Так прошло их раннее детство, подобное заре, возвещающей еще более прекрасный день. Уже делили они с матерями своими все заботы по хозяйству. Едва лишь пение петухов возвестит возврат рассвета, Виргиния вставала, шла черпать воду в соседнем источнике и спешила домой, чтобы приготовить завтрак. Вскоре затем, когда солнце озлащало верхушки этого хребта, Маргарита с сыном шла к госпоже де-ла-Тур; тогда они читали все вместе молитву, за которой следовала первая трапеза; часто они совершали ее во дворе, сидя на траве под покровом бананов, которые снабжали их одновременно и готовыми кушаниями — в виде питательных своих плодов, и столовым бельем — в виде своих листьев, широких, длинных и блестящих. Здоровая и обильная пища быстро развивала тела обоих молодых людей, а нежное воспитание запечатлело на их лицах чистоту и довольство души. Виргинии было лишь двенадцать лет, но уже стан ее почти сложился; длинные светлые волосы осеняли ее голову; голубые глаза и коралловые губы блестели нежнейшей яркостью на свежести лица; они согласно улыбались, когда она говорила; когда же она хранила молчание, то их обычная устремленность к небу придавала им выражение высшей чувствительности и даже легкой меланхолии. Что же касается Поля, то видно было, как растет в нем характер мужчины сквозь хрупкость отрочества. Ростом он был выше Виргинии, цветом кожи — темнее, нос у него был более орлиным, а черные глаза казались бы несколько гордыми, не сообщай им выражение величайшей кротости длинные ресницы, которые окружали их подобно кисточкам. Хотя он был постоянно в движении, однако стоило лишь появиться сестре, как он становился спокойным и садился рядом с ней. Часто досуг их проходил в полном молчании. По безмолвию, по непринужденности поз, по красоте обнаженных ног их можно было принять за античную группу из белого мрамора, изображающую детей Ниобеи. Но по взглядам, искавшим встреч, по улыбкам, ответствуемым улыбками еще более нежными, их можно было принять за детей неба, за тех блаженных детей, которых удел — любить друг друга и которым не нужно объяснять чувство мыслью и дружбу — словами.
Между тем госпожа де-ла-Тур, видя, что дочь ее расцветает столь прелестно, чувствовала, что тревога ее растет вместе с нежностью. Она говорила мне не раз: «Когда я умру, что будет с Виргинией: ведь у нее нет состояния».
У нее во Франции была тетка, знатная особа, богатая старая ханжа, которая столь грубо отказала ей в помощи, когда она вышла замуж за господина де-ла-Тур, что она дала себе слово никогда не обращаться к ней, в какой бы крайности ни была. Но став матерью, она не боялась более стыда отказов. Она уведомила тетку о внезапной кончине мужа, о рождении дочери и о тяжелом положении, в котором она находилась вдали от родины, лишенная поддержки и обремененная ребенком. Она не получила никакого ответа. Благодаря возвышенному своему характеру она не боялась больше унижаться и выслушивать попреки своей родственницы, которая никогда не простила ей замужества с человеком без имени, хотя и добродетельным. И потому она писала ей по всякому поводу, дабы расположить ее в пользу Виргинии. Однако протекло много лет, — ответа не было.
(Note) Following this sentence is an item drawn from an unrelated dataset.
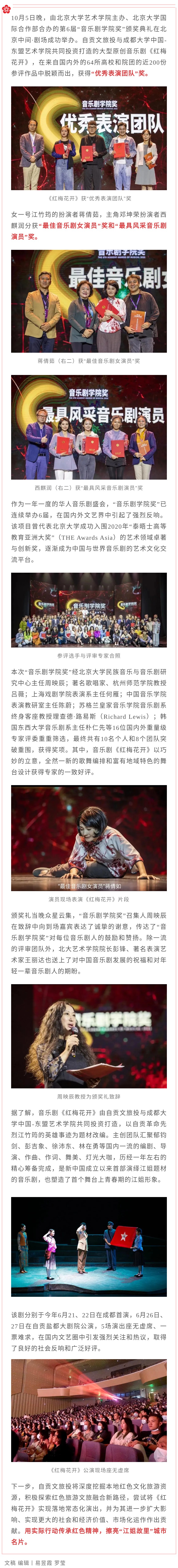 《紅梅花開》傳捷報(bào),斬獲第6屆“音樂劇學(xué)院獎”多項(xiàng)大獎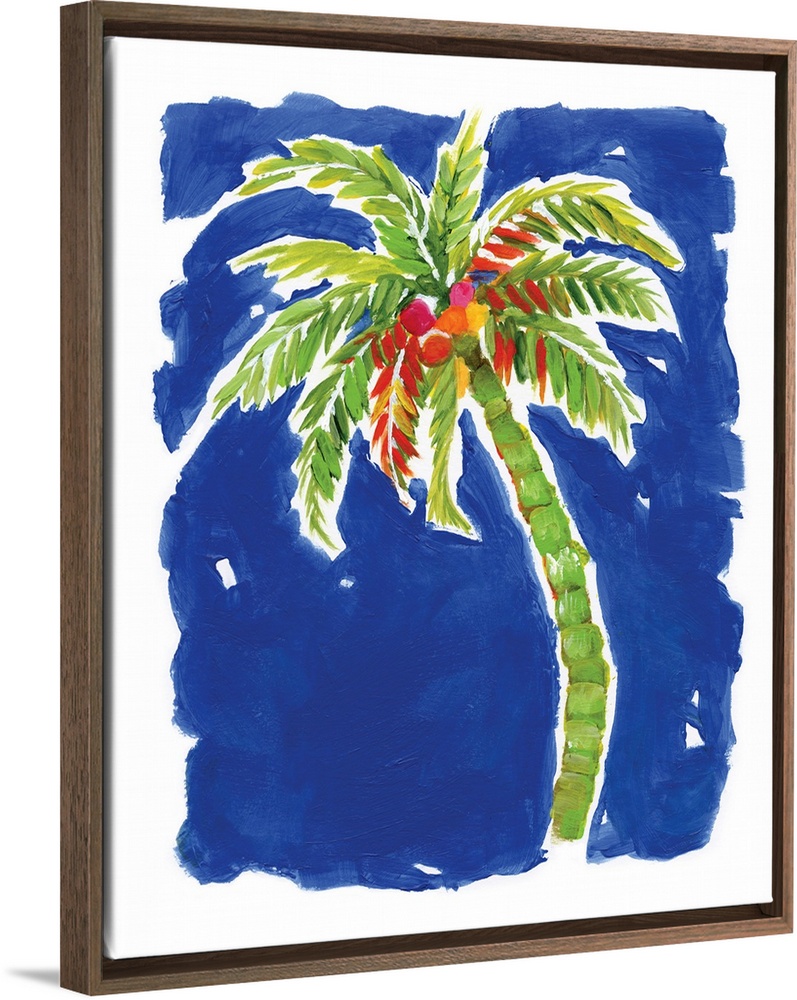 <p>A decorative painting of a green palm tree with coconuts that has hints of red, orange, yellow, and pink on a bright blue background.</p>

Наконец в 1738 году, через три года по прибытии господина де-ла-Бурдоннэ на этот остров, госпожа де-ла-Тур узнала, что у этого губернатора было для нее письмо от тетки. Она поспешила в Порт Людовика, не боясь на этот раз показаться дурно одетой, ибо материнская радость поставила ее выше людских условностей. Господин де-ла-Бурдоннэ действительно вручил ей письмо от тетки. Та писала племяннице, что она заслужила свою участь, выйдя замуж за искателя приключений, за вольнодумца; что страсти влекут за собою возмездие; что преждевременная смерть ее мужа есть справедливое наказание божие; что она хорошо сделала, уехав на острова, вместо того чтобы бесчестить семью свою во Франции; что, в конце концов, она находится в прекрасной стране, где всякий составляет себе состояние, исключая лентяев. Это оскорбительное письмо она кончила похвалой самой себе: дабы избегнуть, — говорила она, — последствий замужества, часто пагубных, она всегда отказывалась от брака. В действительности же, будучи честолюбивой, она хотела выйти замуж лишь за человека великой знатности; но хотя она и была весьма богата и хотя при дворе равнодушны ко всему, кроме богатства, все же не нашлось никого, кто захотел бы вступить в союз с девицей, столь безобразной и столь жестокосердной.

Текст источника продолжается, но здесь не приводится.